Kleine Sorgen, große Sorgen
Erstens ist das Thema Kindern vielleicht doch gar nicht so fremd. Meine Oma seufzte früher öfters: „Du hast es gut, du hast noch keine Sorgen!“ Ich war kein Kind, das viel widersprach, aber ich weiß noch genau, was ich damals dachte: Natürlich habe ich Sorgen. Sonst würde ich ja nicht so viel weinen. Meine Sorgen kommen euch Erwachsenen vielleicht unwichtig vor, aber für mich sind sie genauso wichtig, wie eure Sorgen für euch. Und ich weiß auch noch, dass ich mir damals vorgenommen habe, diesen Augenblick und diesen Gedanken nicht zu vergessen. Ich wollte mich daran erinnern, wenn ich dereinst groß sein würde. Dieses Versprechen der kleinen Annika gegenüber habe ich gehalten. Und es ist vielleicht einer der Gründe, warum ich heute Kinderbücher schreibe.
Ein Fünkchen Hoffnung
Zweitens waren natürlich auch all die skrupellosen Diktatoren von heute mal kleine Kinder. Es ist vielleicht vermessen zu denken, dass sie sich anders entwickelt hätten, wenn sie nur die richtigen Bücher gelesen hätten. Deshalb entschied ich mich, als ich mir darüber Gedanken machte, was für ein Kinderbuch ich schreiben wollte, für ein Buch mit ganz konkreten Vorschlägen, wie man den Frieden tatsächlich lernen und bewahren kann. Vorschlägen, die sich wirklich umsetzen lassen. In Klassen, in Familien, in Gemeinden, in Vereinen, überall, wo Menschen zusammenkommen. Wenn nur ein winziger Funke Hoffnung besteht, die Welt mit einem Buch ein bisschen besser zu machen, sollte man es doch wagen! Also wagte ich es.

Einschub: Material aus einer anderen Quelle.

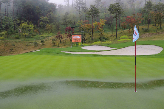 한국여자프로골프(KLPGA)투어 'MBN 여자오픈 with ONOFF' 1라운드가 열릴 예정이던 21일 경기도 양평 더스타휴 골프장에 폭우가 내려 첫날 경기가 취소됐다. 사진은 비에 잠긴 15번 홀 그린(자료사진=KLPGA)

Mitten ins Leben der Kinder

„Wie wir den Frieden lernten“ hat also nichts mit irgendwelchen realen Kriegen in der Welt zu tun. Es spielt sich da ab, wo sich auch die Kindersorgen abspielen: In ihrem direkten Umfeld. Es beginnt mit den Kindersorgen von Hilda, die verglichen mit dem, was sie später umtreibt, völlig harmlos sind: Warum gehen meine Schleifen immer auf? Wann bekomme ich endlich Taschengeld? Warum kann ich nicht richtig gut pfeifen? Später, am Ende des Buches weiß Hilda diese Sorgen zu schätzen. Sich darüber zur sorgen heißt nämlich, dass man es ziemlich guthat. Dass man im Frieden lebt. Frieden zu definieren ist nicht einfach. Ich bin keine Philosophin, deshalb mache ich es mir einfach. Für mich ist Frieden die Abwesenheit von Krieg. Dass der aber abwesend bleibt, ist keine Selbstverständlichkeit. Dafür muss man kämpfen. Und das lernen Hilda und ihre Mitschüler*innen, als sich plötzlich zwischen der A und der B ein Krieg entspannt.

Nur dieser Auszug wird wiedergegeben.